Law & Regulation

The treasury is poised to abolish tax relief above 20% on pension contributions, a think tank with close ties to government has claimed

Michael Johnson, research fellow at the Centre for Policy Studies, told the 2010 FT UK Leadership of Pensions Summit, the move would take place “pretty soon”, in a bid to save around £7bn per year.

The move would be matched by a cap of 20% on the tax paid on pensions in payment.

The reform was first mooted in the CPS’ June report, Simplification is the key: stimulating and unlocking long-term saving , but appears to have gained traction with chancellor George Osborne, who knows Johnson from his time as a policy adviser to prime minister David Cameron.

And in its closing address, Johnson told the conference: ““The juiciest, largest, lowest hanging pieces of fruit out there for a government looking to save money, is up front tax relief.

“The specific proposal to George [Osborne] that I made was for the 20% up front cap, and 20% at retirement.
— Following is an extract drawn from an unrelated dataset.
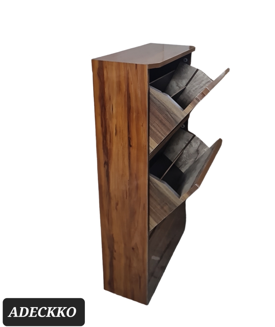 Keep your footwear well organized in the Adeckko Shoe Cabinet . It has an elegant design that can enhance any decor. Made of High Quality Plywood with premium laminate finish. Material - PLYWOOD + LAMINATE Dimensions - Height : 48 inches Width. : 24 inches Depth. : 10 inches Pre-assembled - NO Assembly Required. For customization contact us at 9999320028
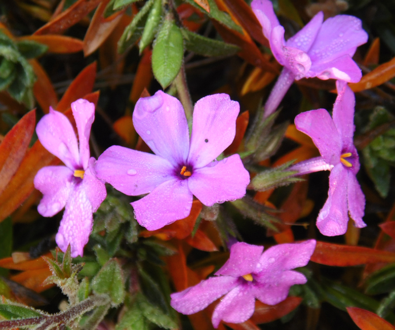 Флокс является полегающим многолетним растением. При разрастании он образует густой живой ковер от 12 до 15 см в высоту. Листья растения бело-зеленые, а стебли в основном лежачие или опущенные. Цветы флокса нежного розового оттенка до 1,5 см в диаметре. Они собраны в рыхлое соцветие зонтик. Цветение начинается в конце весны и длится весь июнь около 25 – 35 дней. Растение лучше сажать на открытых солнечных участках, на сухой почве. Благодаря неприхотливости его чаще всего применяют в пейзажных цветниках, в миксбордерах и для украшения каменистых садов.

This would save £6-7bn per year.”

“I would say there is a 50% plus probability that the 20% upfront cap is going to arrive pretty soon.”

He also called for saving into the National Employees Savings Trust (Nest) to be made compulsory for public sector workers, as part of a hybrid scheme, with some defined benefit element.
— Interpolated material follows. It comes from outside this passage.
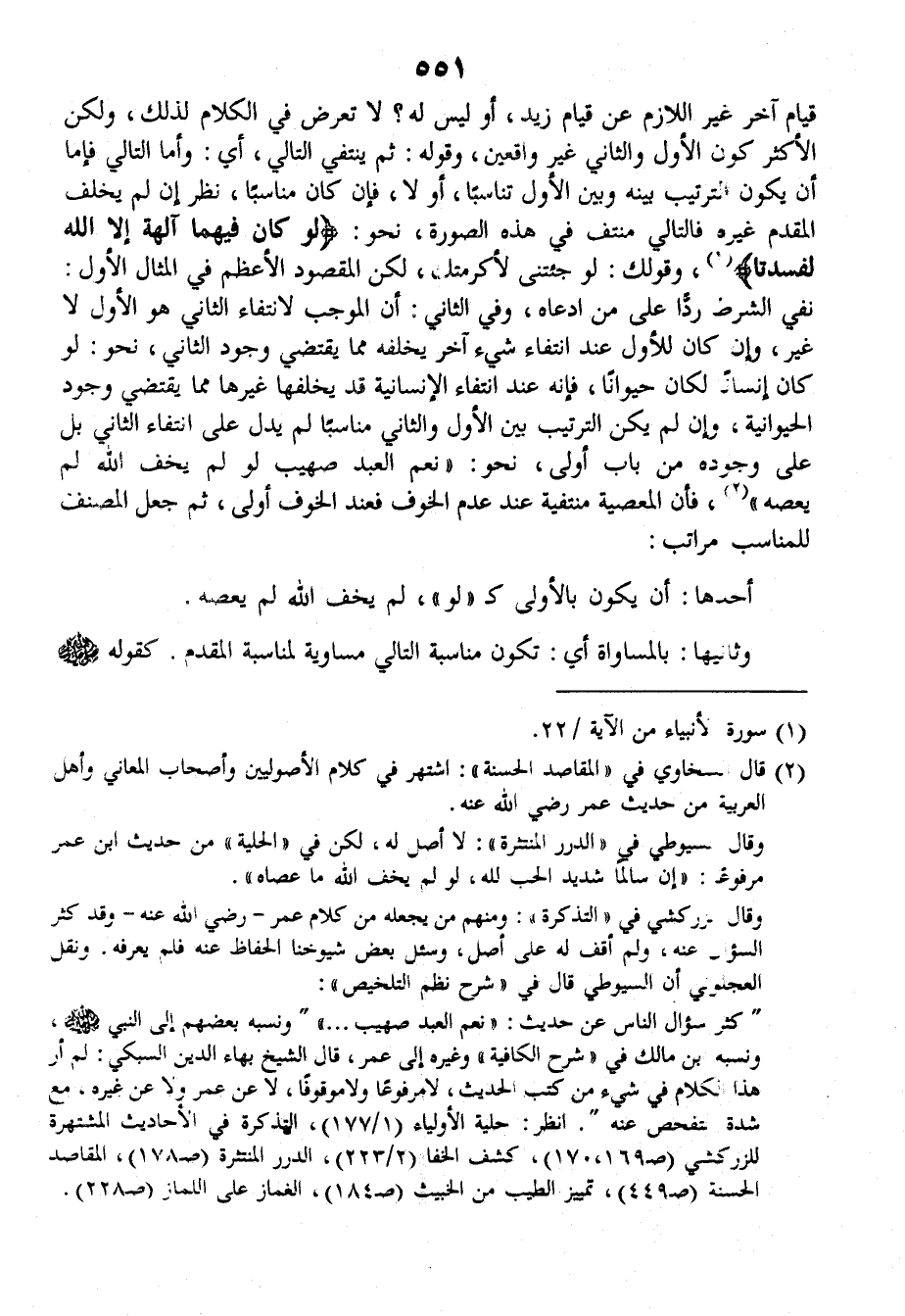 قيامٌ آخَرَ غيرُ اللاَّزمِ عن قيامِ زيدٍ، أو ليسَ له؟ لا تَعَرُّضَ في الكلامِ لذلك، ولكنَّ الأكْثَرَ كونُ الأوَّلِ والثاني غيرَ واقِعَيْنِ، وقولُه: ثمَّ يَنْتَفِي التالِي؛ أي: وأَمَّا التالِي فإمَّا أنْ يَكُونَ التَّرْتِيبُ بَيْنَه وبَيْنَ الأوَّلِ تَنَاسُباً، أو لا، فإنْ كانَ مُنَاسِباً نُظِرَ إنْ لم يَخْلُفِ المُقَدَّمُ غيرَه فالتالِي مُنْتَفٍ في هذه الصورةِ، نحوَ: {لَوْ كَانَ فِيهِمَا آلِهَةٌ إِلاَّ اللهَ لَفَسَدَتَا}. وقولُك: لو جِئتَنِي لأَكْرَمْتُكَ، لكنَّ المقصودَ الأعظمَ في المثالِ الأوَّلِ: نَفْيُ الشَّرْطِ رَدًّا على مَن ادَّعَاهُ، وفي الثاني: أنَّ المُوجِبَ لانْتِفاءِ الثاني هو الأوَّلُ لا غيرَ، وإنْ كانَ للأوَّلِ عندَ انتفاءِ شيءٍ آخَرَ يَخْلُفُه ممَّا يَقْتَضِي وجودَ الثانِي نحوَ: لو كانَ إنساناً لكانَ حيواناً، فإنَّه عندَ انتفاءِ الإنْسانِيَّةِ قد يَخْلُفُها غيرُها ممَّا يَقْتَضِي وجودَ الحيوانِيَّةِ، وإنْ لم يكنِ الترتيبُ بينَ الأوَّلِ والثانِي مُنَاسِباً لم يَدُلُّ على انتفاءِ الثاني بل على وجودِه من بابِ أَوْلَى، نحوَ: ((نِعْمَ العَبْدُ صُهَيْبٍ لَوْ لَمْ يَخَفِ اللهَ لَمْ يَعْصِهِ)). فإنَّ المَعْصِيَةَ مُنْتَفِيَةٌ عندَ عَدَمِ الخوفِ فعِنْدَ الخوفِ أوْلَى، ثمَّ جَعَلَ المُصَنِّفُ للمُناسِبِ مَراتِبَ:

He said the measure would form part of a new report on pension provision in the public sector, which he will publish before the end of the year.

“I feel we will eventually see some form of hybrid [in public sector pensions], and Nest fulfills the defined contribution element in that hybrid,” he added.

I’ve recently come to favour compulsion. If in the 30-40 years time we come to realise there isn’t a problem [with retirement savings], we can end compulsion, but if we get there and it is that bad, it will be too late to do anything about it.”